**What this task involves**
Write out nothing but the lines from the first line of the entries below through the line with "Transformed patio showcasing"; no pictures go in.

Data records
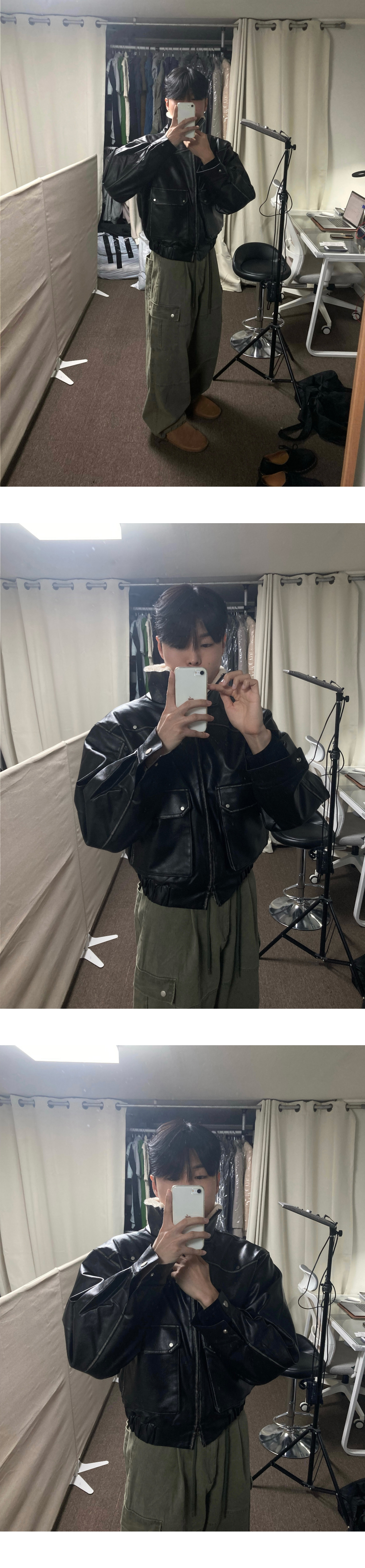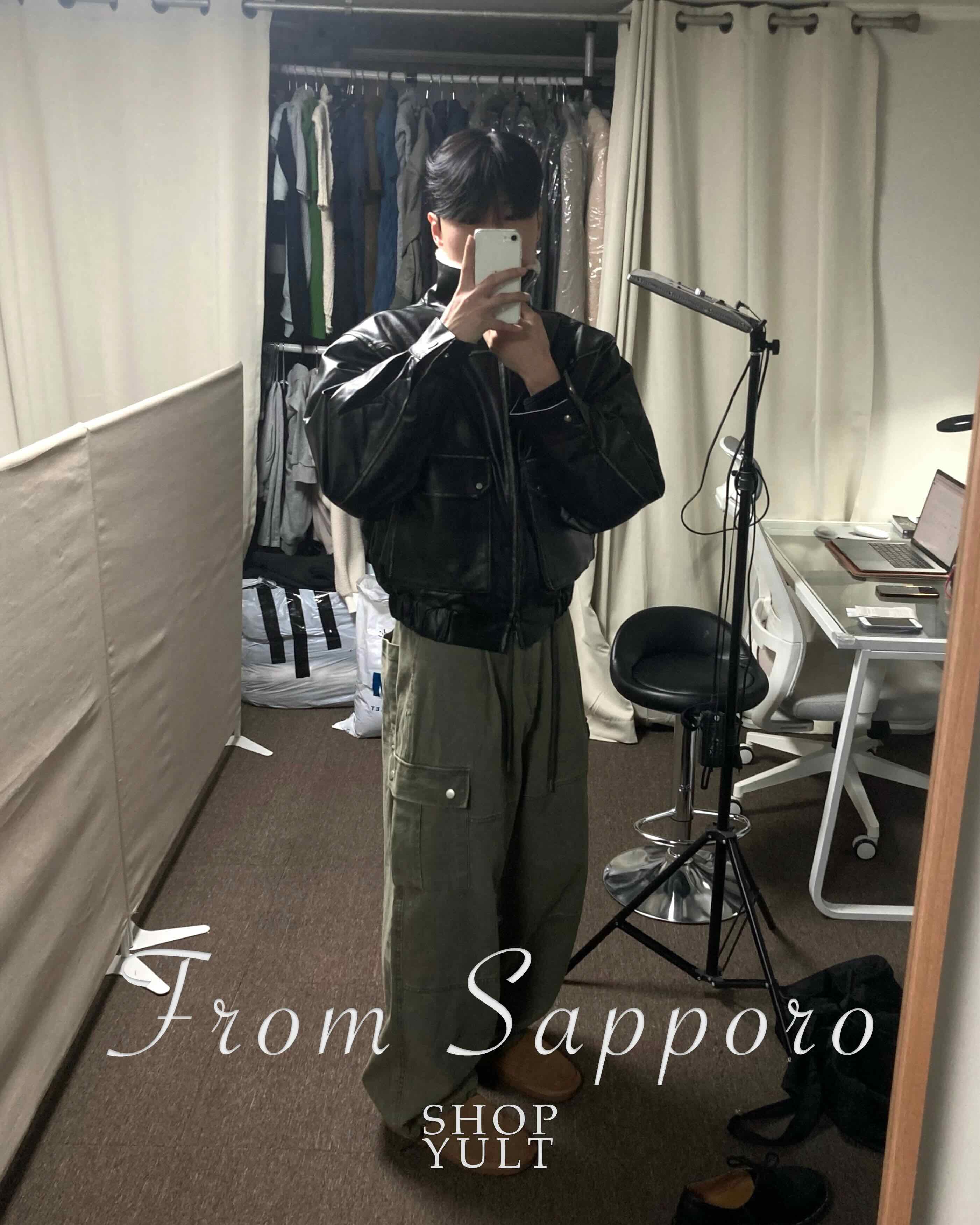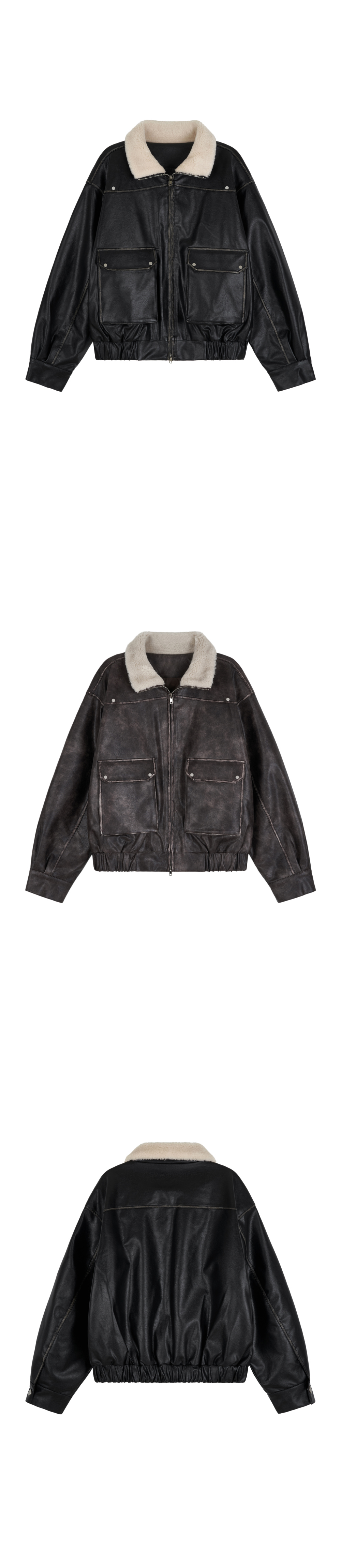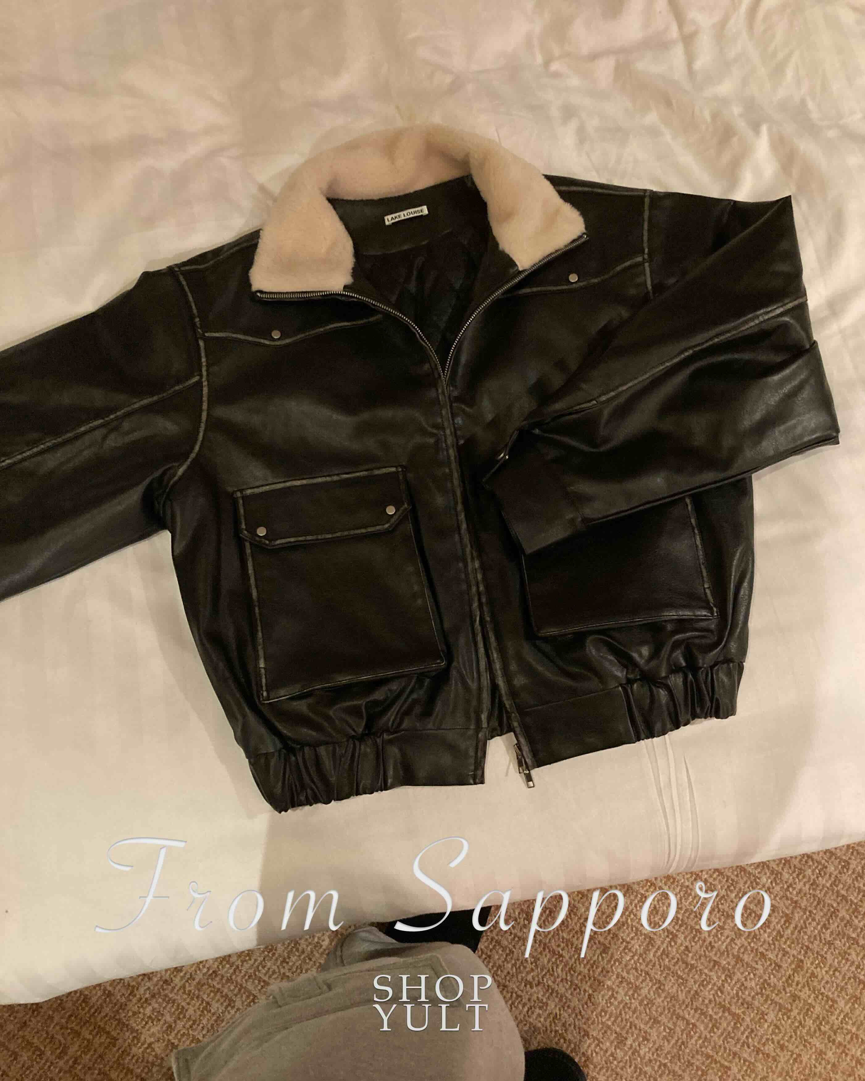 (2color) ヴィンテージ クロップド レザー ムートン コート
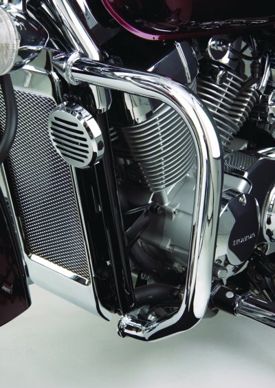 These chrome steel tube bars can accommodate our 1-1/4" clamps to mount our line of pegs for added riding comfort. Mounts to existing holes in the front frame with hardware provided. No drilling required. Bars only extend as far as the pegs on the bike.
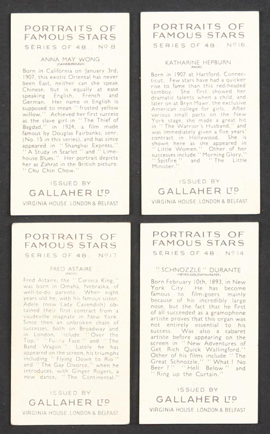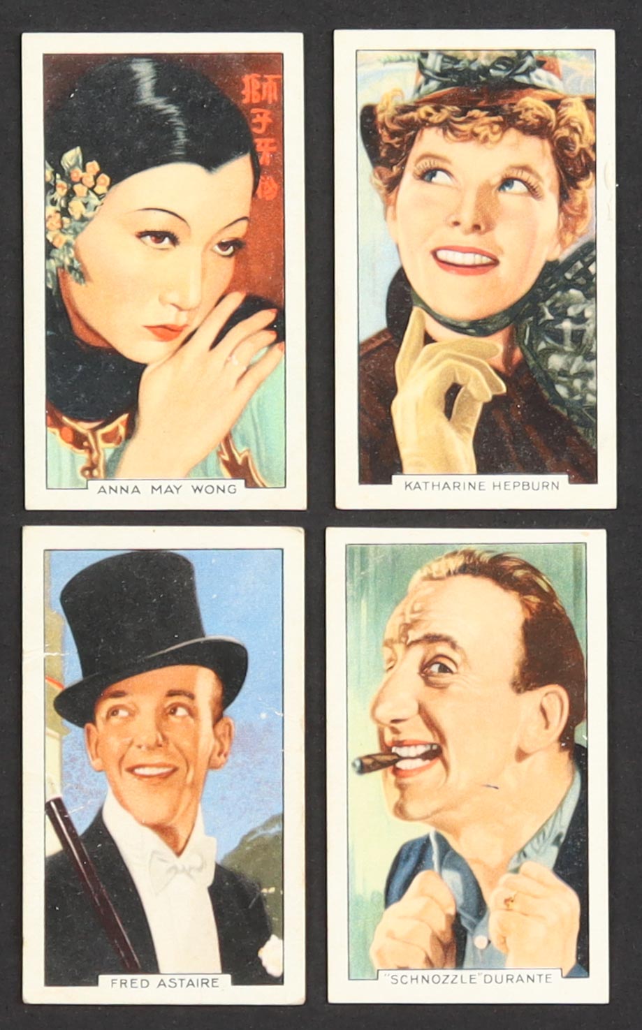 1935 Gallaher Portraits of Famous Stars Complete Set of (48) Cigarette Cards with Schnozzle Durante #14, Anna May Wong #8, Fred Astaire #17, Katharine Hepburn #16
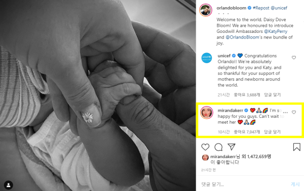 현지 시간으로 26일 미란다 커는 득녀 소식을 전한 배우 올랜도 블룸 인스타그램에 "정말 행복해. 아기가 너무 보고 싶어 (I'm so happy for you guys. Can't wait to meet her)"라며 축하 댓글을 남겼습니다.
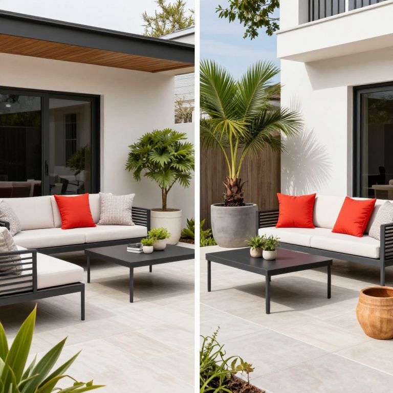 Transformed patio showcasing a modern outdoor living space with sleek furniture, vibrant cushions, and stylish potted plants, highlighting a before-and-after comparison by Fore Cherpece Simes.
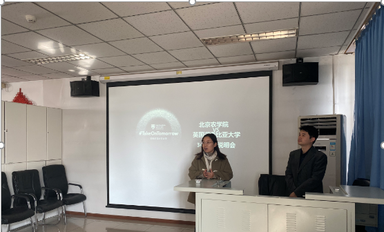 2019年10月30日中午13:00,2019年英国诺森比亚大学“3+1”联合培养项目招生宣讲会于经管楼401准时召开。本次宣讲会由英国诺森比亚大学国内项目负责人刘佳音老师作为主讲人,熊猫体育外事负责人刘笑冰副经理主持,外事秘书徐雅雯和部分本科生参加了本次会议。
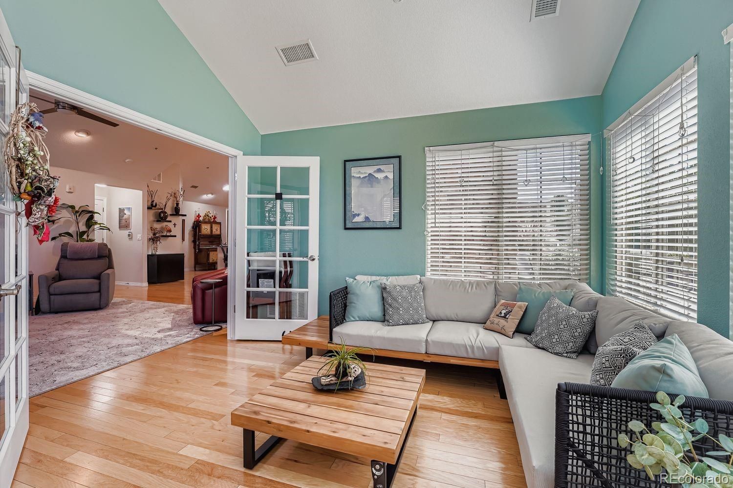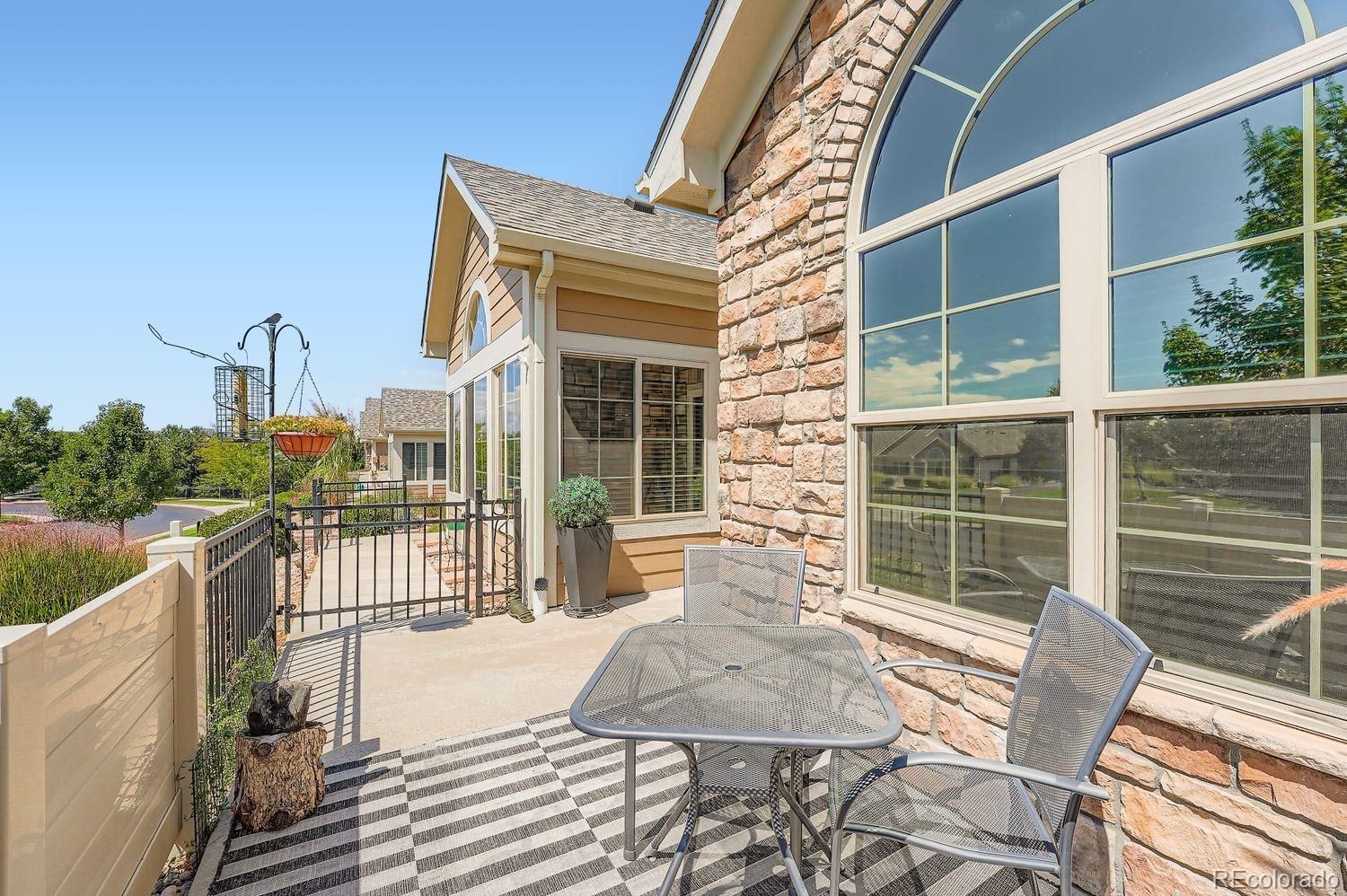 Welcome to this beautifully maintained ranch-style patio home with 2-beds and 2-baths in a desirable Aurora community. Featuring vaulted ceilings, LVP floors, and abundant natural light, this home offers an open and inviting layout perfect for everyday living and entertaining. The updated kitchen boasts granite countertops, stainless steel appliances, and ample cabinet space, opening seamlessly to the dining and living areas. A cozy fireplace anchors the vaulted living room, while the sun-filled bonus room with French doors provides the perfect spot to relax year-round. The spacious primary suite includes a walk-in closet and a primary bath with dual sinks and separate shower. Main bath includes a spa-like soaking tub with jets. Additional bedrooms and a flexible sunroom offer plenty of options for family, guests, or working from home. Enjoy convenience with a large laundry/mudroom, an attached two-car garage, and no-maintenance landscaping. Located close to shopping, dining, parks, and major roadways, this home blends style and practicality in an established neighborhood. Don’t miss your chance to make this move-in-ready Aurora gem yours!

**Output**
 (2color) ヴィンテージ クロップド レザー ムートン コート
 These chrome steel tube bars can accommodate our 1-1/4" clamps to mount our line of pegs for added riding comfort. Mounts to existing holes in the front frame with hardware provided. No drilling required. Bars only extend as far as the pegs on the bike.
 1935 Gallaher Portraits of Famous Stars Complete Set of (48) Cigarette Cards with Schnozzle Durante #14, Anna May Wong #8, Fred Astaire #17, Katharine Hepburn #16
 현지 시간으로 26일 미란다 커는 득녀 소식을 전한 배우 올랜도 블룸 인스타그램에 "정말 행복해. 아기가 너무 보고 싶어 (I'm so happy for you guys. Can't wait to meet her)"라며 축하 댓글을 남겼습니다.
 Transformed patio showcasing a modern outdoor living space with sleek furniture, vibrant cushions, and stylish potted plants, highlighting a before-and-after comparison by Fore Cherpece Simes.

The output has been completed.